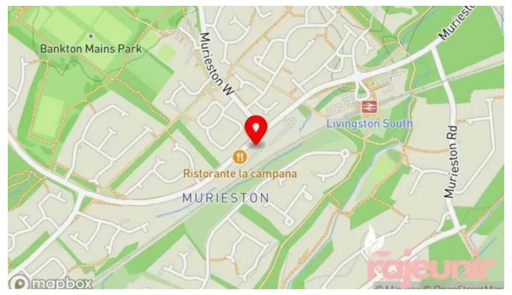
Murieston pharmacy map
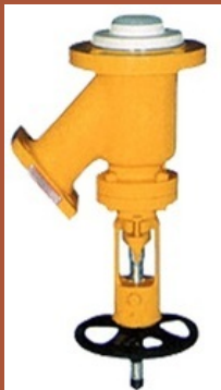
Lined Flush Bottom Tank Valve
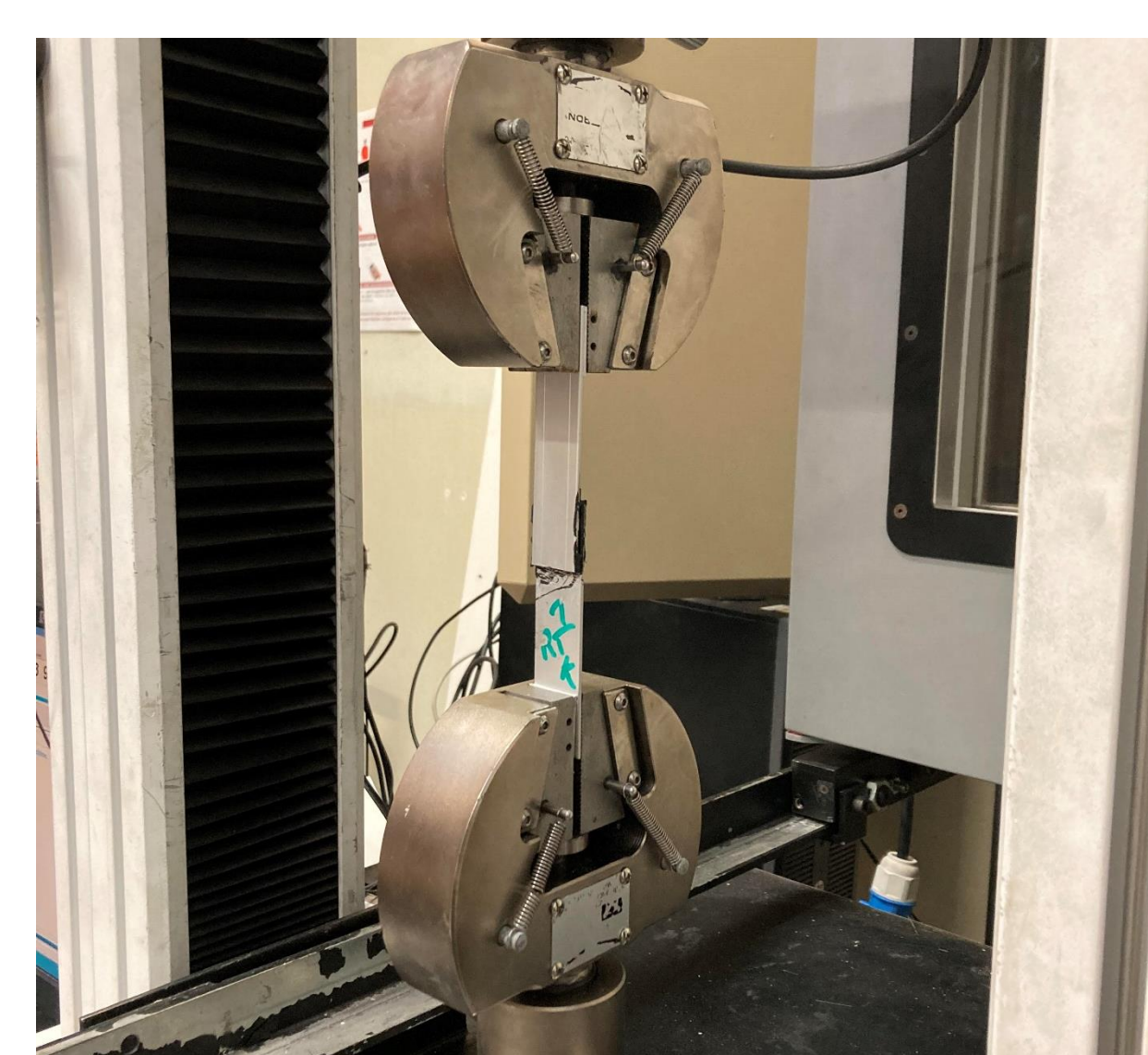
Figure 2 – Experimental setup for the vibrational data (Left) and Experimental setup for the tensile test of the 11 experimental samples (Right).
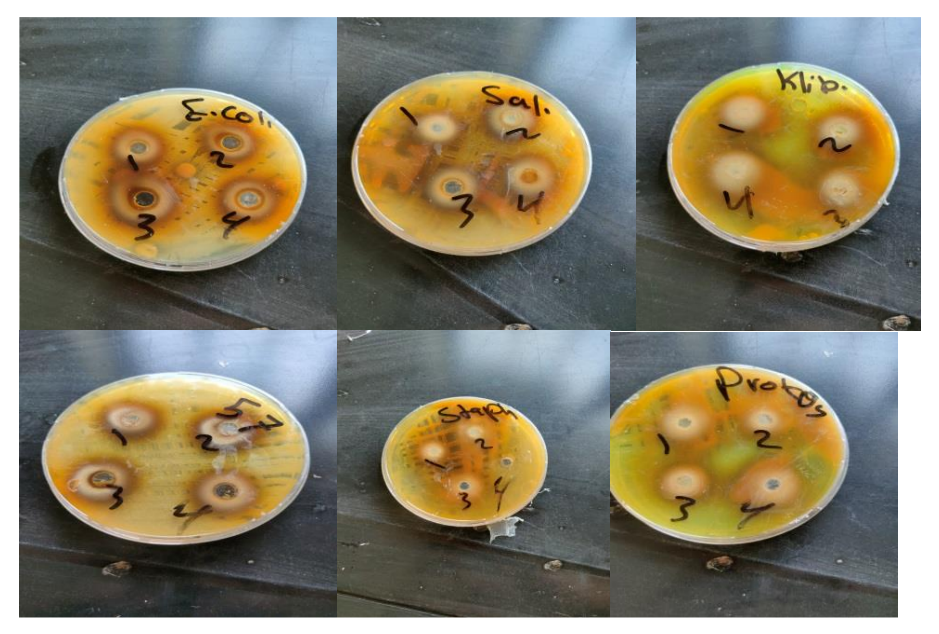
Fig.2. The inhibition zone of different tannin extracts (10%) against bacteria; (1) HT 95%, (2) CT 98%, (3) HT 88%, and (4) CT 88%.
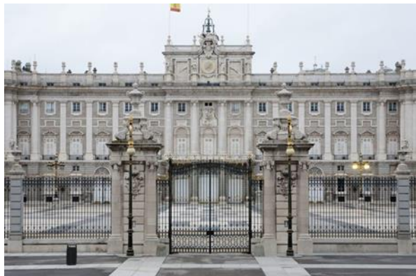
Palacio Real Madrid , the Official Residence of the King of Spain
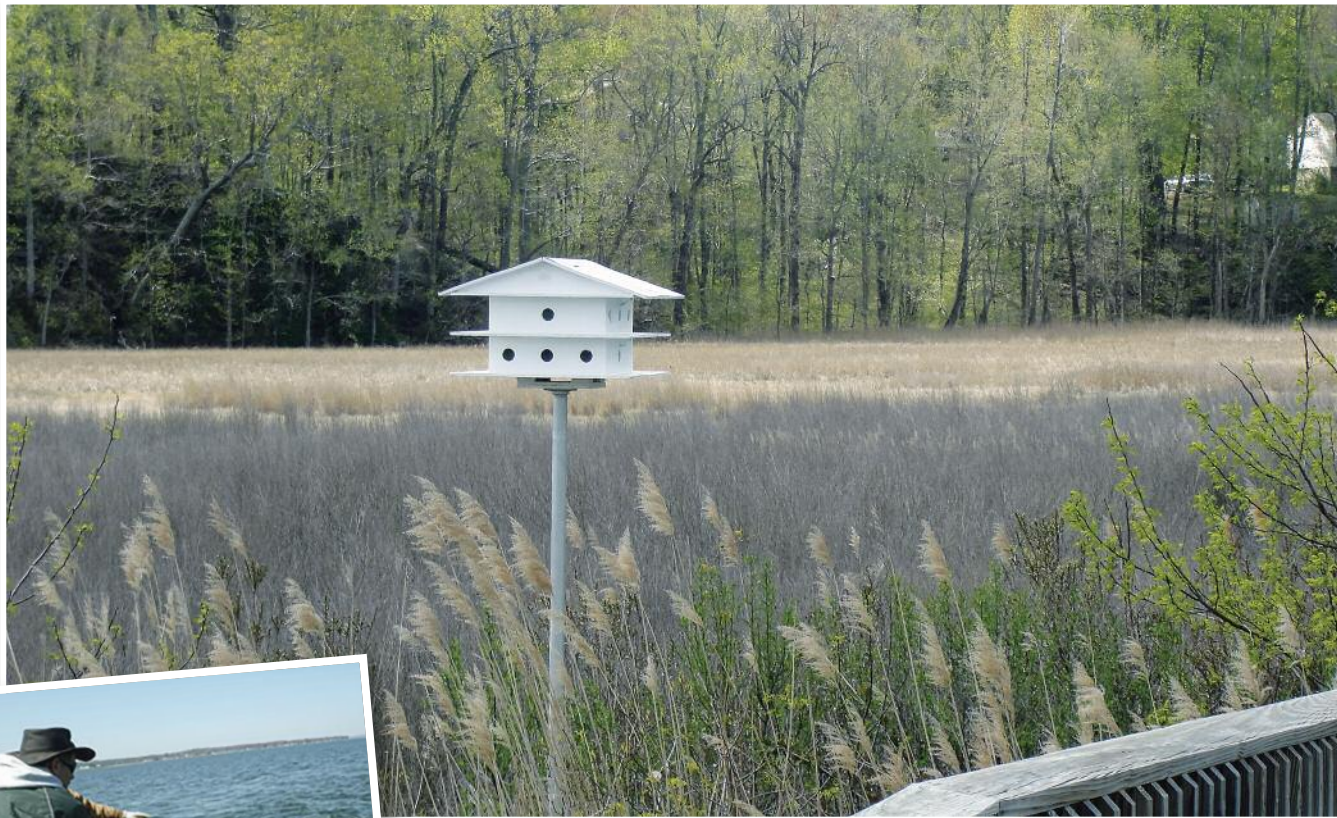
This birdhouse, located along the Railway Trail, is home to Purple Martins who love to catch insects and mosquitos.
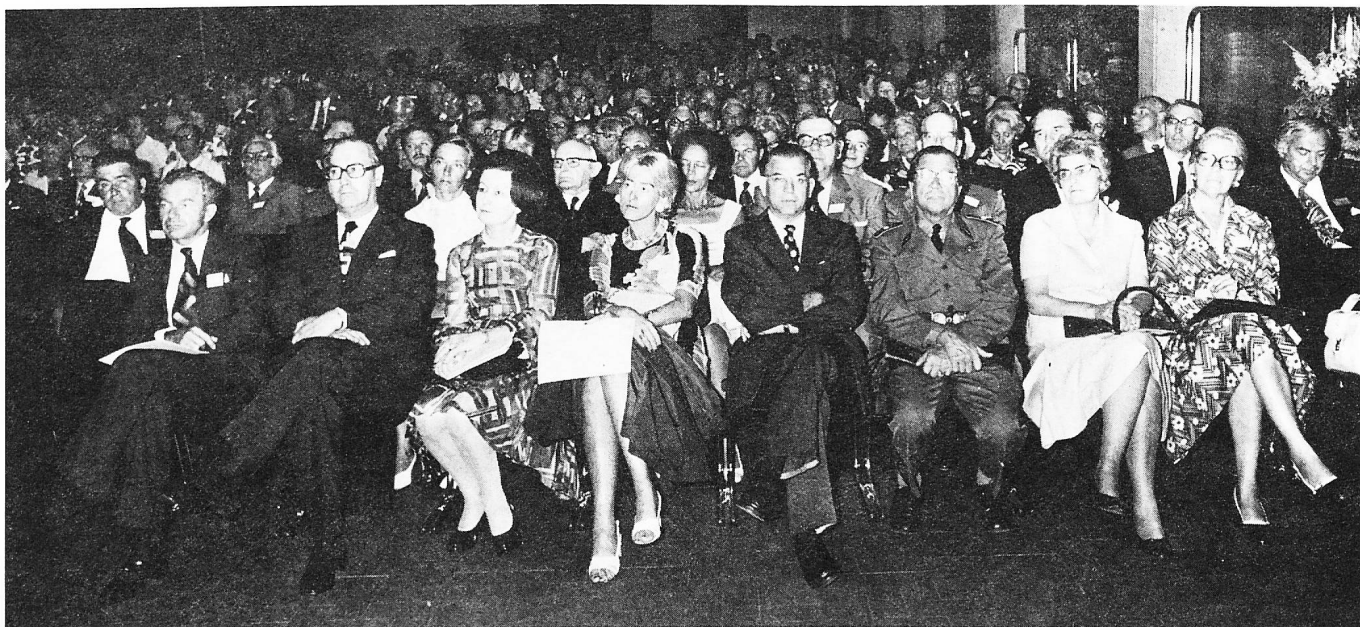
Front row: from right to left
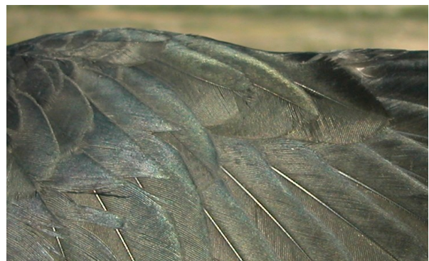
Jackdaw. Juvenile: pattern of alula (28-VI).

::::

▸ **Assigned task**:
Quote exactly, and only, the lines from the one containing "Fig.2. The inhibition" through the last line of the records above, both included; leave out any pictures.

▸ **Response**:
Fig.2. The inhibition zone of different tannin extracts (10%) against bacteria; (1) HT 95%, (2) CT 98%, (3) HT 88%, and (4) CT 88%.
Palacio Real Madrid , the Official Residence of the King of Spain
This birdhouse, located along the Railway Trail, is home to Purple Martins who love to catch insects and mosquitos.
Front row: from right to left
Jackdaw. Juvenile: pattern of alula (28-VI).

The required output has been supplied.